Mobile University: Stanford’s Evolving iPhone and iPad Apps

“Mobile University: Stanford’s Evolving iPhone and iPad Apps” by Sherrie Negrea first appeared on Edcetera.
As the first university to develop an iPhone app, Stanford is a school that is never satisfied with the status quo. Not only has the university redesigned its mobile app several times since it was introduced in 2008, it has now expanded the platform with a new look for the iPad.
Over five years of mobile upgrades, the university has learned a few things about what works well. Stanford’s proximity to Silicon Valley is certainly one component.
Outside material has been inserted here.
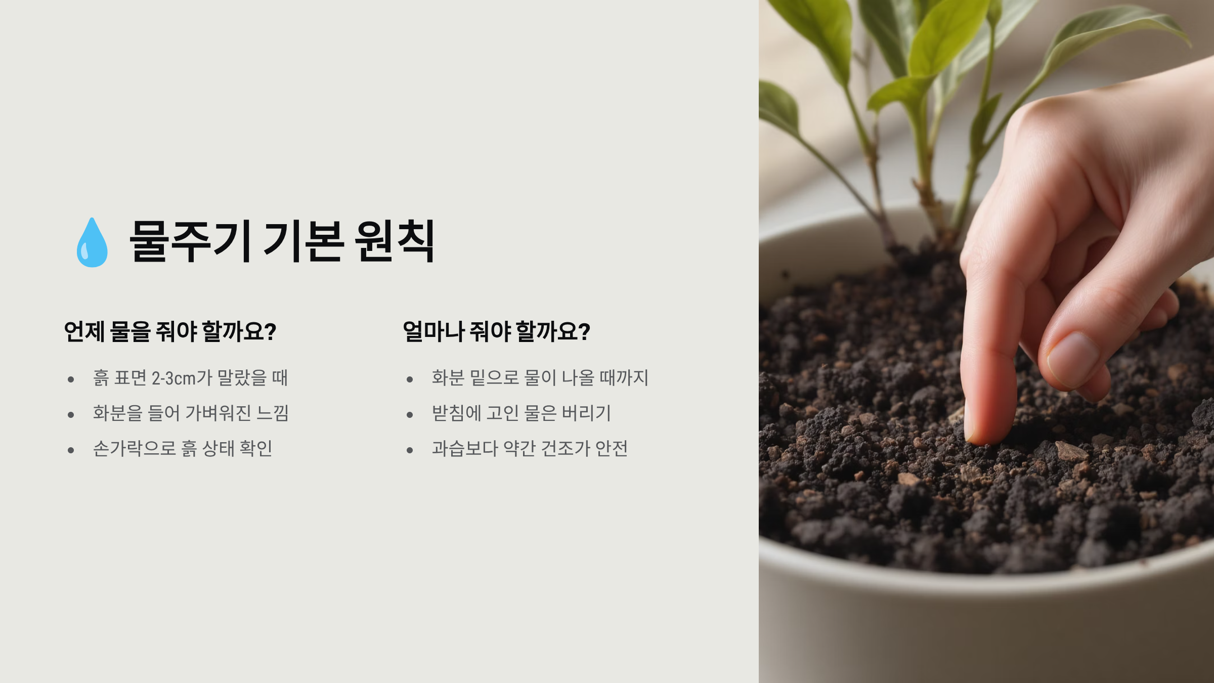 물 주기의 황금률은 '흙이 마르면 충분히 준다'예요. 손가락을 흙에 2-3cm 정도 넣어봤을 때 건조하다면 물을 줄 타이밍이랍니다. 이 간단한 방법이 제일 정확해요. 화분 무게로 판단하는 방법도 있는데, 물을 준 직후와 흙이 마른 상태의 무게 차이를 기억해 두면 좋아요.

But more significantly,  the designers of the apps have primarily been students.
Stanford University Registrar Thomas Black, whose team developed the initiative, hired the students who created the first version of iStanford. The students had launched their own company, Terriblyclever Design, and they went on to develop apps for universities across the country when their startup was bought out by Blackboard. “Those kids became an instant success and millionaires,” Black says.

The Four-Tile App

The university’s original iPhone app had four tiles: the course catalog, a student directory, maps and athletic information. In its next iteration, the number of tiles grew to 28 with functions that allowed students to access real-time information about the Stanford shuttle service, campus trivia, student demographics, and university events.
In yet another redesign of the mobile app that will be released next summer, Black says the number of functions will probably be cut back to 12 or 14 because of the amount of staff time needed to maintain those functions. “We found there’s a continual curation of information,” Black says. “While it was nice and jazzy at the time, some of it needs a lot of work to keep up.” Maintaining the tile for class analytics, for example, meant that a staff member had to update
Stanford’s statistical information, such as data on gender and ethnicity kept over a ten-year period. “I just realized I didn’t have the resources,” Black says.

New Look for the iPad

Stanford decided to create a new design for its iPad app, which was released last fall, so that students would have a different experience than with its iPhone app. “We were just trying to excite the students a little bit and developed some special functions for that purpose,” Black says.
Of the 12 tiles on the iPad app are several that are not available on the iPhone. One is an ePortfolio provided by Pathbrite, a San Francisco company, which allows students to share term papers or class projects with potential employers.
Another new function that will launch this summer is iStanford +,which will allow students to upload apps they’ve developed. Black is calling it an “app incubator” that will encourage students to create cutting-edge innovation.
“If you download university mobile apps, and I’ve downloaded hundreds of them, you’re going to find there’s a static set of functions they provide,” Black says. “We’re going to take a different path. We’ll have a set of standard apps, but we’re going to stand out from that core set of navigations with this ever-evolving and changing app environment that may turn you on to something that you’ve never experienced before.”